Agreed Value Gap Insurance


You’ve bought a car from a private seller for £15,000 and you’re absolutely delighted with it. The only small fly in the ointment is that you don’t have an invoice from a VAT registered garage which means you can’t cover it with a Back to Invoice or Vehicle Replacement GAP policy.

So how annoying is it, then, when it’s involved in an accident that writes it off? Very. Not just because you really liked that car, but also because there’ll be a big gap between the £15,000 retail value of your car when you insured it and the likely £10,000 payout on your standard Comprehensive insurance. A £5,000 gap, to be precise.

ALA’s Agreed Value Gap Insurance takes the pain out of this situation by filling in the gap between the Glass’s Guide value at the time of policy purchase and the amount of your Comprehensive settlement. In this case, on top of your standard £10k settlement you’ll get £5,000 from your Agreed Value GAP Insurance. Nice.

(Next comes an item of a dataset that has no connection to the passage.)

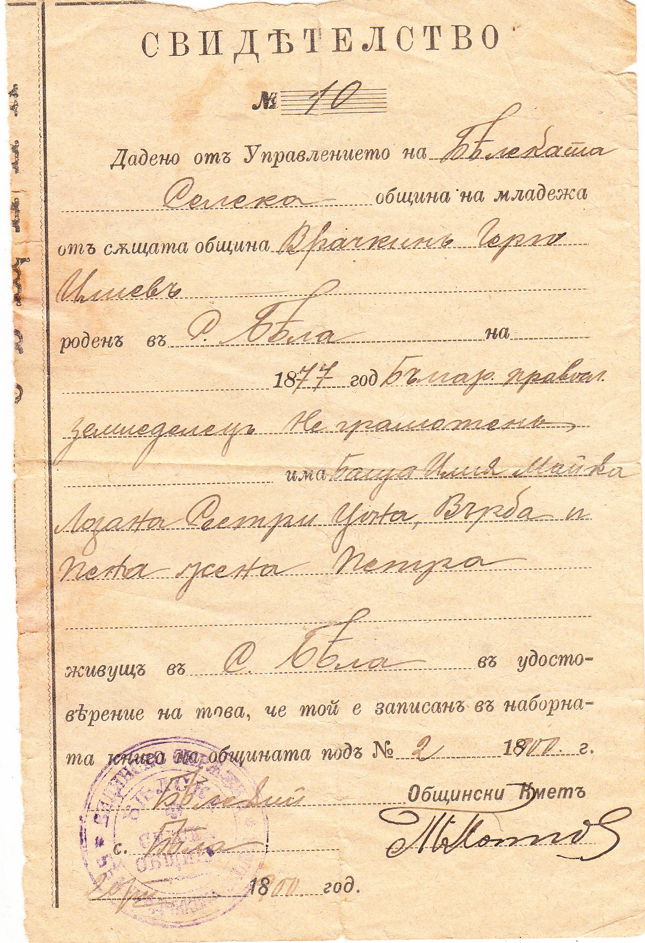 Живущ в село Бела, в удостоверение на това, че той е записан в наборната книга на общината под N 2 – 1900 г.

To take out Agreed Value GAP Insurance for up to five years, your non-excluded vehicle needs to be under 10 years old and have fewer than 100,000 miles on the clock. The car can either have been bought from a private seller or it could have been bought from a dealer, but you’ve had the car for more than 180 days (which means the vehicle doesn’t qualify for Back to Invoice or Vehicle Replacement insurance). There are no policy amendment or transfer fees, and you can buy the policy at any time as long as the other conditions just mentioned are met.

Losing a car you love is bad enough, but the realisation that your standard insurance won’t cough up enough money to get another one just like it is even more depressing. Agreed Value GAP Insurance neatly solves that one for you.